## EXERCISE GOAL
The answer is all of the data repeated exactly, with each picture omitted.

## STORED DATA

>>>>>

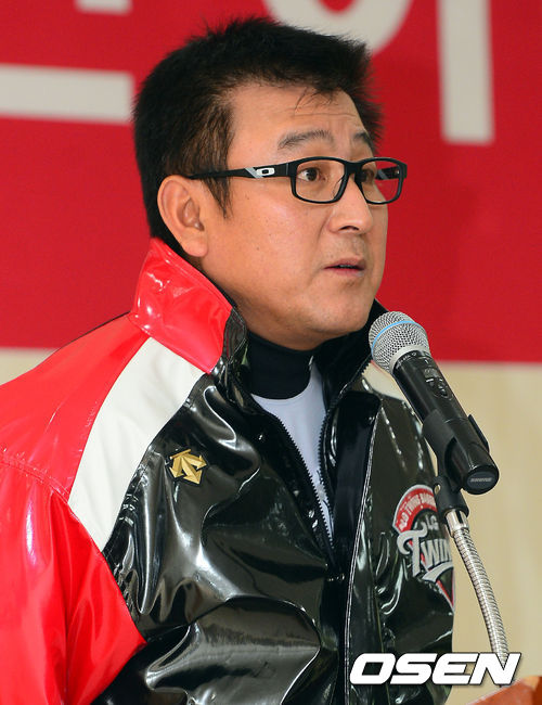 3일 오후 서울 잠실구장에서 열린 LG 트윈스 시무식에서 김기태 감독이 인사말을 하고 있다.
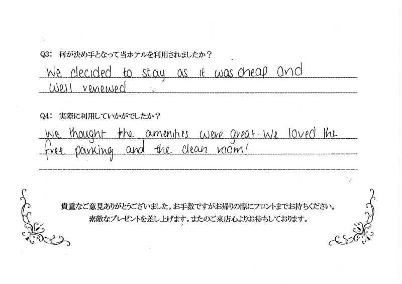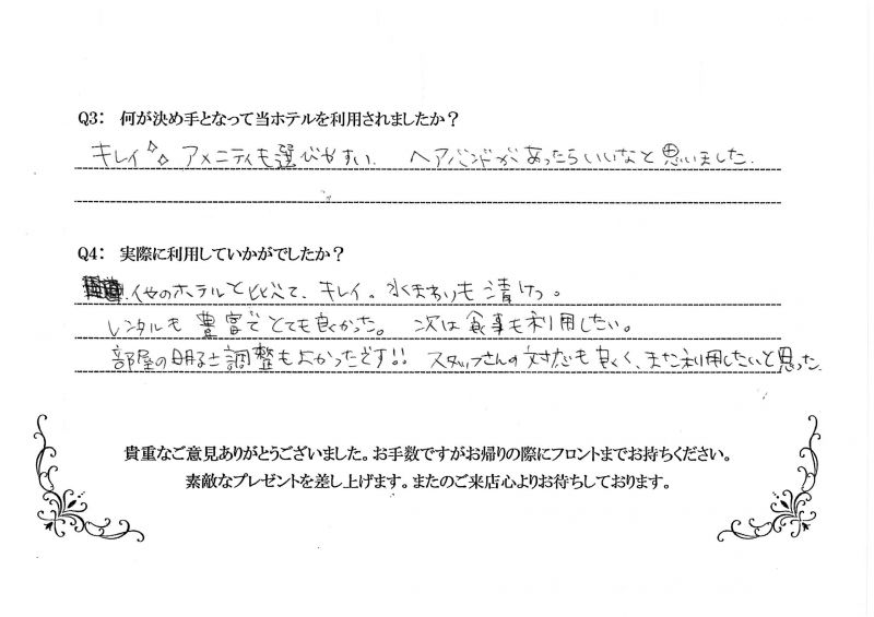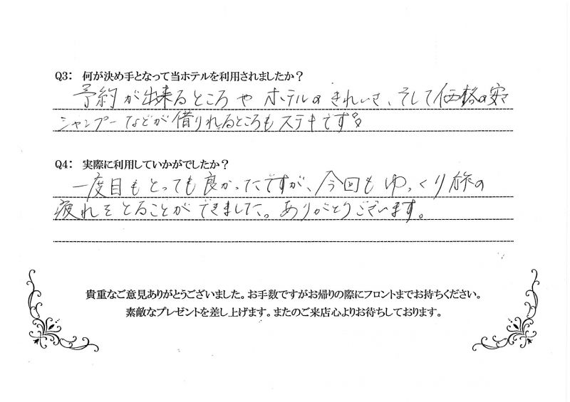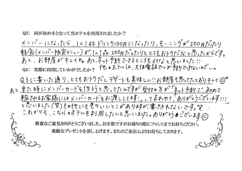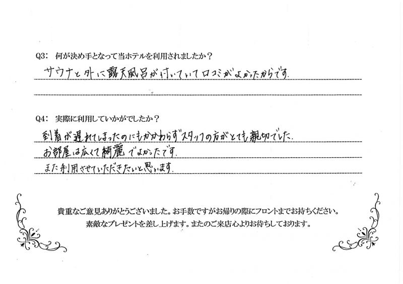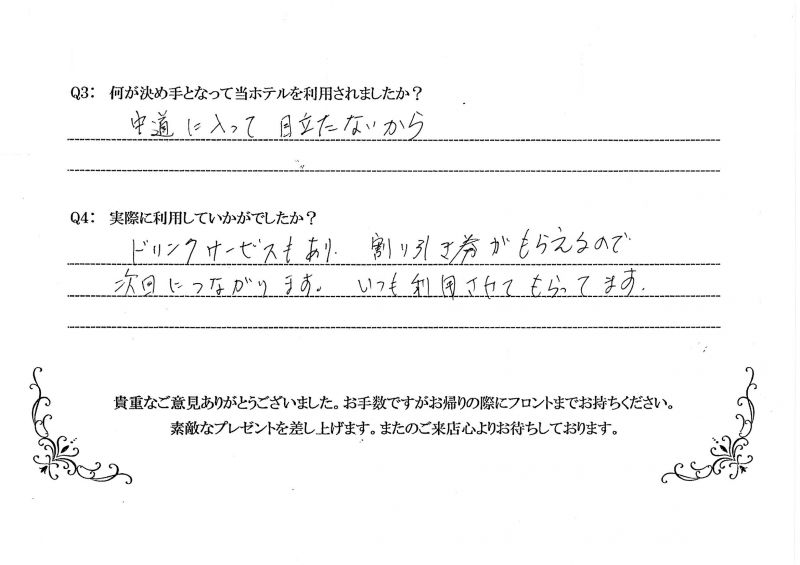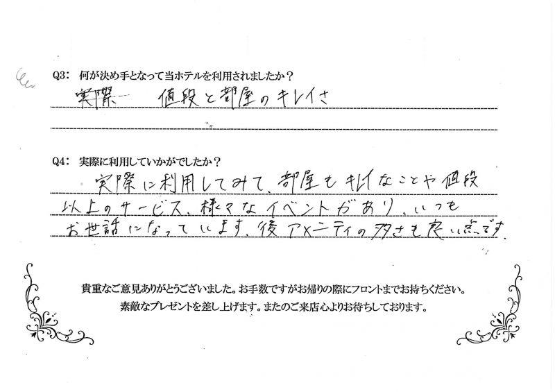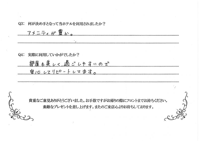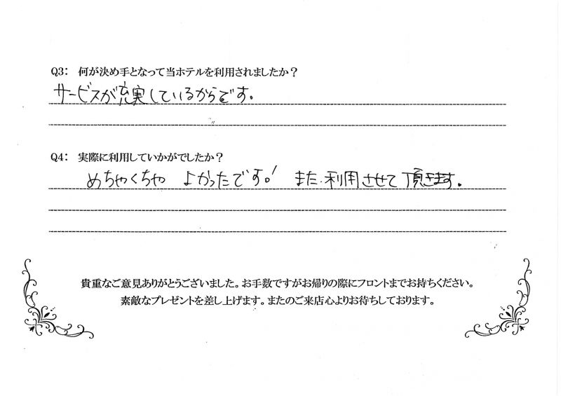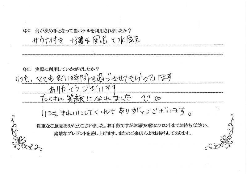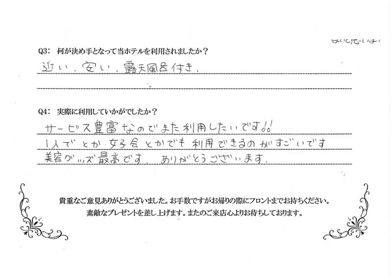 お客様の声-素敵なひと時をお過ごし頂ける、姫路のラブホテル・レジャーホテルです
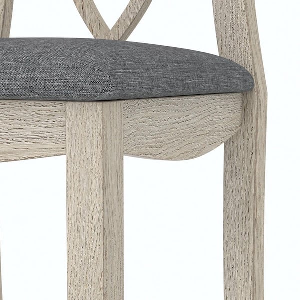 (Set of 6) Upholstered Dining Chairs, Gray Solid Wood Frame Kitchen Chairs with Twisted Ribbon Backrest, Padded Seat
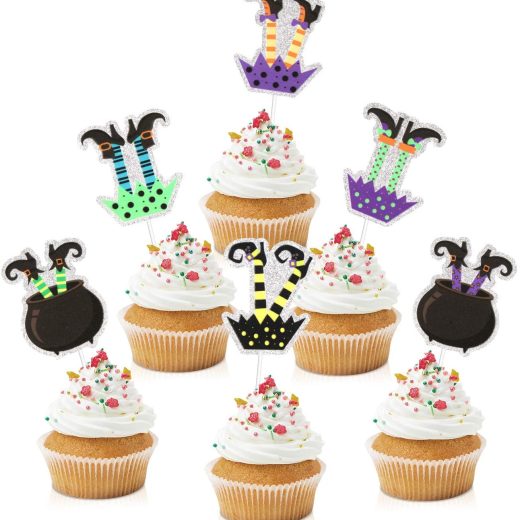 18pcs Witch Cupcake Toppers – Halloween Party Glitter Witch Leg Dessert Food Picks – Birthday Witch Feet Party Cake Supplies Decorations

<<<<<

## RESULT OF THIS TASK
 3일 오후 서울 잠실구장에서 열린 LG 트윈스 시무식에서 김기태 감독이 인사말을 하고 있다.
 お客様の声-素敵なひと時をお過ごし頂ける、姫路のラブホテル・レジャーホテルです
 (Set of 6) Upholstered Dining Chairs, Gray Solid Wood Frame Kitchen Chairs with Twisted Ribbon Backrest, Padded Seat
 18pcs Witch Cupcake Toppers – Halloween Party Glitter Witch Leg Dessert Food Picks – Birthday Witch Feet Party Cake Supplies Decorations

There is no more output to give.